Deep Learning: a game changer in automation
One thing is certain: artificial intelligence is a game changer. The technology is penetrating new areas with incredible speed and enabling applications where classic image processing is too expensive, inflexible and also too complex. Dr Alexander Windberger, AI specialist at IDS Imaging Development, explains: ‘Not only has the game changed, but also the players. AI-based image processing works differently from classic rule-based image processing, because the quality of the results is no longer just the product of manually developed programme code, but is primarily determined by the quality of the data sets used.’
Thus, users need different core competences to work with AI vision. The approach and processing of vision tasks is therefore changing.
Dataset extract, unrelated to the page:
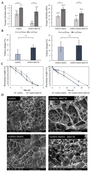 Mechanical and swelling characteristics of the hydrogels. (A) Young’s modulus values of GelMA and GelMA–dhECM hydrogels without and with microbial Transglutaminase (mTGase) treatment (left), of GelMA–MeHA and GelMA–MeHA–dhECM hydrogels without and with mTGase treatment (right), (B) Swelling properties of GelMA and GelMA–dhECM hydrogels with mTGase treatment (left), of GelMA–MeHA and GelMA–MeHA–dhECM hydrogels with mTGase treatment (right), (C) Controlled enzymatic degradation of GelMA and GelMA–dhECM hydrogels with mTGase treatment (left), of GelMA–MeHA and GelMA–MeHA–dhECM hydrogels with mTGase treatment (right), (D) Scanning electron microscopic images of lyophilized GelMA and GelMA–dhECM hydrogels with mTGase treatment (top), of GelMA–MeHA and GelMA–MeHA–dhECM hydrogels with mTGase treatment (bottom). (** p < 0.01, n.s.: not significant) (Student’s t-test) (n ≥ 3).

Domain experts are coming into the picture, as they can use their knowledge to keep the creation of data value going and react flexibly to shifts in data and concepts during operations.
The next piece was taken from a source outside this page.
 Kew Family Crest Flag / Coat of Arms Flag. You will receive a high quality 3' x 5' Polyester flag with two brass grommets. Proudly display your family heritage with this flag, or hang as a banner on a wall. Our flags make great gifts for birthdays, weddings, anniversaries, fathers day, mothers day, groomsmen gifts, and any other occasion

However, many companies still have reservations about the new technology. There is a lack of expertise and time to familiarise themselves with the subject in detail. At the same time, the Vision community is growing from the IoT sector and the start-up scene. With the new application areas and user groups, there are inevitably other use cases and requirements. The classic programming SDK is no longer sufficient to provide the best possible support for the entire workflow, from the creation of datasets and training to the implementation of a neural network.
Looking to the future, Dr Windberger states: ‘We realise that entirely new tools are emerging today for working with AI vision, which are used by very heterogeneous user groups without AI and programming knowledge. This improves the usability of the tools and lowers the barrier to entry, which is currently significantly accelerating the spread of AI-based image processing. Ultimately, AI is a tool for humans and so it must be intuitive and efficient to use.’
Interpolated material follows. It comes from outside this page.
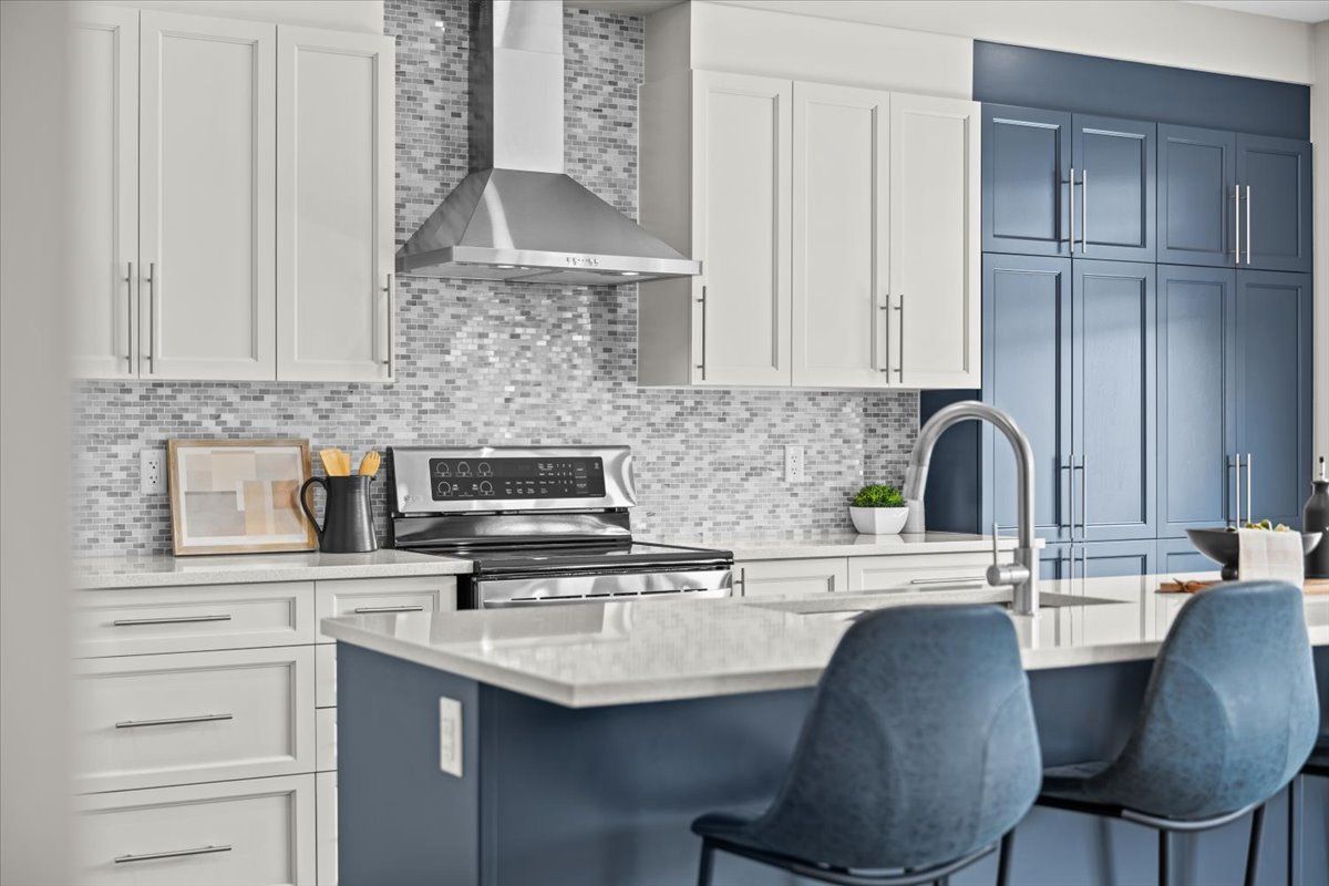 • Open kitchen with quartz countertops and seating for four at the island.

Driving force behind current developments
No other component collects and interprets as much data as image processing. It enables what is seen, such as product characteristics (e.g. length, distance, number), states (presence/absence) or quality, to be monitored in the production process, processed and the results passed on to the value-added systems in the network. This not only determines whether the inspected part meets the desired characteristics or is good or bad, but also triggers an intelligent action, such as automated sorting, depending on the result. Especially small and medium-sized enterprises, for which the automation of their production could not be realised competitively due to a lower number of pieces in production, benefit from this plus in flexibility.
Object detection using the IDS NXT industrial camera
Factory automation with smart cameras therefore also offers the possibility of reacting more flexibly to difficult market conditions while guaranteeing consistently high production quality and efficiency. Companies for whom the leap to end-to-end digitisation and automation is too great can make significant progress thanks to AI-based image processing. Holistic, user-friendly systems such as IDS NXT pave the way for this.